The airline said it is ""pursuing capital-light growth through extending the lives of approximately 30 A320 aircraft"", it said in its report. In addition, management said the deferred aircraft will “reduce our upcoming capital expenditures by $3bn, helping us to improve our free cash flow outlook and restore our balance sheet health of our business.”
Geraghty said the deferred aircraft were the most impacted by the Pratt & Whitney GTF engine issues.
""Our challenges are clear,"" said Geraghty in an earnings call. ""The Pratt & Whitney engine related aircraft groundings which are significantly impeding our growth rate and pressuring our profitability, as well as industry wide cost inflation and persistent air traffic control issues, all of which are headwinds we're working hard to overcome.""
It added that the continued powdered metal issues with the Pratt & Whitney engines, which powers its A220 and A321neo fleets, and the required inspections, has resulted in 10 aircraft on the ground (AOG) due to the lack of engine availability as of June 30, 2024. It expects each engine to take around 360 days to complete shop visits and return to a serviceable condition. It had an average of 11 AOG as of June 30, 2024.
Geraghty added: “In addition to powder metal related inspections challenging our engine capacity, we’ve experienced a number of other unscheduled engine maintenance visits that resulting in GTF engines coming off wing much sooner than anticipated – some after just a year of flying. In fact, a majority of the 11 average AOG this year are due to inspections outside of powder metal.”
The airline said it expects AOG in 2025 to be in the mid-to-high teens and will drive “roughly flat year-over-year capacity in 2025. Geraghty commented that there is “greater uncertainty in 2026 and beyond”.
In addition to the deferred aircraft, JetBlue president Marty St. George said the airline has “shifted capacity out of corporate focused routes and into leisure and VFR [visiting friends and family] routes.”
JetBlue has closed over 50 route exits and 15 of its ‘BlueCity’ focus cities so far in 2024 as it works to make “significant network changes”. The focus will be on New York, New England, Florida, and Latin leisure flying origins.
“Every route and station needs to earn its way into our network,” explained George. “Our push for profitability has lessened our patience for underperforming routes.”
Geraghty added: “At the end of the day, our revenue growth has not been enough to outpace our cost challenges and we need to fix that.” The airline’s revenues were down roughly 7% in the second quarter to $2.4bn, compared to the same financial quarter last year. Passenger revenues were down around 8% to $2.3bn. Its total operating expenses were flat for the quarter at $2.4bn.

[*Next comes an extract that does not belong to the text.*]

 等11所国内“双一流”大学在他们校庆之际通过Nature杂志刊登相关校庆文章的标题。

As a result, its operating income was down 75.9% compared to $57 million, compared to last year’s second quarter of $235 million in operating income. Its net profit was $25 million, or seven cents per share, down nearly 82% from last year’s $138 million. Geraghty said its profit “won’t be enough to offset projected losses generated in the other three quarters. We’ve remained steadfast in our urgency to return to full year profitability.”

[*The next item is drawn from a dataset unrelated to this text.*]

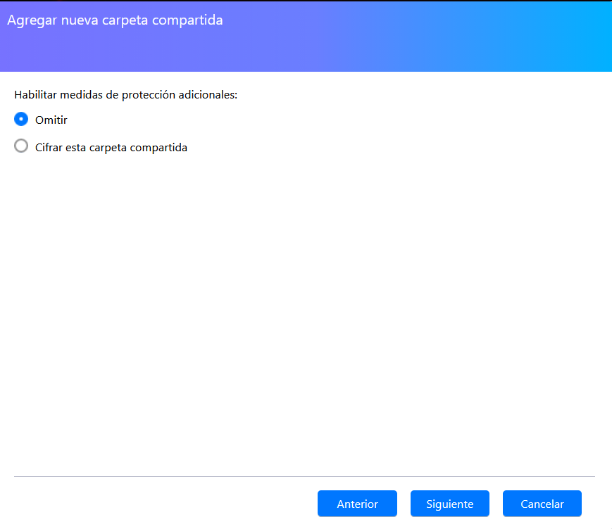 Elegimos si queremos cifrar o no la carpeta compartida:

It updated its full year outlook with capacity to be down between 2.5-5%, originally estimating it to be “down low single digits”. It also originally estimated the same for its full year revenue but had further clarified it to be down 4-6% in comparison to 2023’s revenues. Its CASM ex-fuel expenses are set to be up 6.5-8.5%, in line with its original estimate of it being up mid-to-high single digits. Fuel price per gallon is set to be between $2.80 and $3.
It also provided its third quarter outlook, anticipating capital expenditures of around $365 million. Furthermore, capacity is set to be down between 3% and 6% in the third quarter, compared to the same period last year. Revenue for the period is expected to decline 1.5-5.5%. CASM ex-fuel is forecast to increase around 6% and 8%, while fuel is predicted to cost around $2.82 and $2.97 per gallon.
As of June 30, 2024, its cash and cash equivalents were $1.3bn and total assets were valued at approximately $14bn. In addition, total debt was at $5.4bn and stockholders’ equity at $2.7bn.
As of 11:30am GMT, JetBlue's shares were up nearly 18% after it beat initial estimates.